Recorded Future uses a list of 167 exploit kits as one of the parameters in their current vulnerability report. It also expanded its research this year to include Remote Access Trojans (RATs) in its determination of the top exploited vulnerabilities–in part because of their increase in usage due to their role as multipurpose malware, researchers said.
The No. 2 vulnerability of 2018 also was the only Adobe Flash Player exploit on the list–CVE-2018-4878. Researchers also found it in multiple exploit kits, but most notably Fallout, which was used to distribute GandCrab ransomware and can be purchased for about $300 a week and $1,100 a month on the dark web.
Indeed, researchers also used the dark web as a resource to discover which exploited vulnerabilities had the most traction with bad actors in 2018. Among exploit kits associated with the top vulnerabilities, ThreadKit–which included four of the top 10 vulnerabilities–was the most discussed on dark web sources in 2018, they found. The last update of this particular exploit kit was December 28 by a dark-web forum user called “mrbass,” who generously added an Adobe zero-day vulnerability to the kit, which was last selling for $400.
Still exploited after all these years
Recorded Future researchers also observed an exploit with a longer than usual useful life still at work in 2018. That would be the aforementioned IE bug CVE-2016-0189, which had the honor of making the list of top 10 exploited vulnerabilities three years in a row.
“We have seen only a few vulnerabilities remain in the top ten from year to year because either those vulnerabilities are successfully patched or the authors of the exploit kits containing those vulnerabilities are arrested,” Kuczma told us.
She cited the exploit’s lack of dependence on one version of IE–which gives it more reliability as a vulnerability as a reason for its staying power, as it affects IE 9 through 11–as a reason this particular exploited vulnerability has stuck around.
Bad actors have used this versatility, to incorporate the bug successfully into a variety of various exploit kits over the years, including five in 2018–Underminer, Magnitude, Grandsoft, KaiXin and RIG. The exploit also lacks a solid patch; restricting access to two common dynamic-linked library files, VBScript.dll and JScript.dll, are the only current workarounds, researchers said.
Other top 2018 vulnerabilities were notable because of their frequent appearance in different types of malware, researchers found.

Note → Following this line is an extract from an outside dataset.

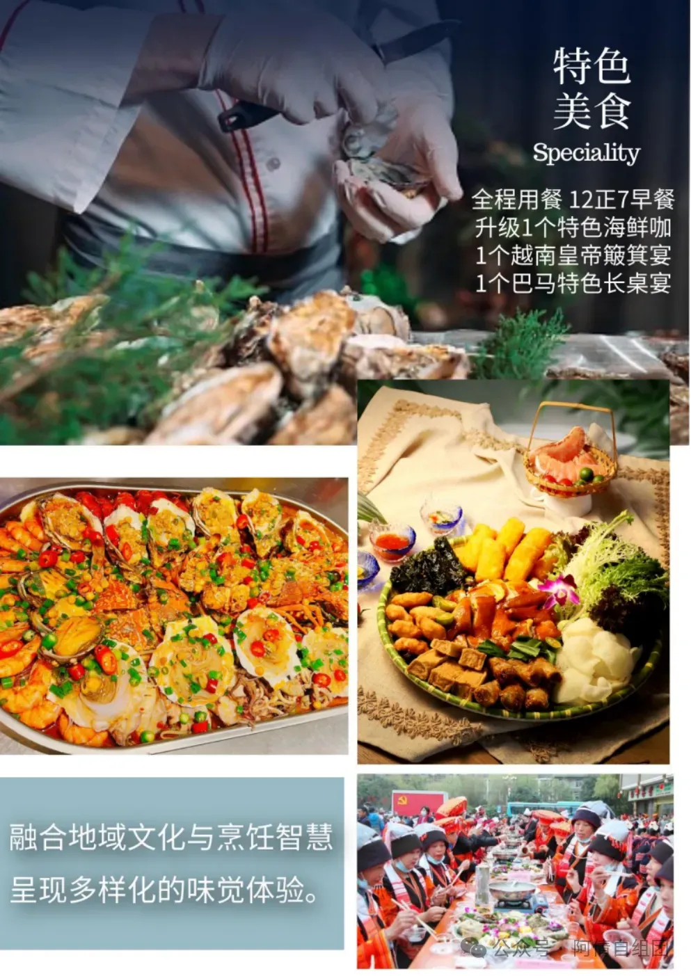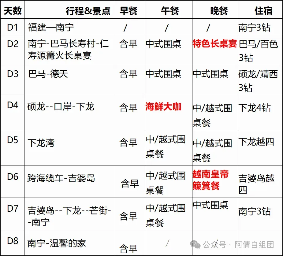 3.用餐:全程用餐 7 个早餐 12个正餐,正餐餐标:30元/人/餐,其中1个特色长桌宴、1个海鲜大咖,1个越南皇帝簸箕餐。

Two in particular-CVE-2017-11882 and CVE-2017-0199–were identified in 10 and eight pieces of malware, respectively. Both were used in Trillium’s Security Multisploit Tool, which included four of the top 10 vulnerabilities and was discussed at length on Hack Forums and Nulled Forum to positive acclaim, researchers found.
Expert advice: Take vulnerabilities seriously
Even with exploited vulnerability kits on an apparent decline, Recorded Future researchers advised organizations to maintain an awareness of known vulnerabilities on their systems, in particular the ones identified on the 2018 list as those most exploited.
“Official vulnerability databases, and even scanning tools, cannot arm organizations with one key metric: the overlap between the vulnerabilities in the systems you use and the ones that are being actively exploited by threat actors,” Kuczma wrote.
Recommendations for organizations running Microsoft as well as other targeted platforms include not only patching all of the vulnerabilities Recorded Future identified in its research, but also older vulnerabilities, which have an average shelf life of about seven years.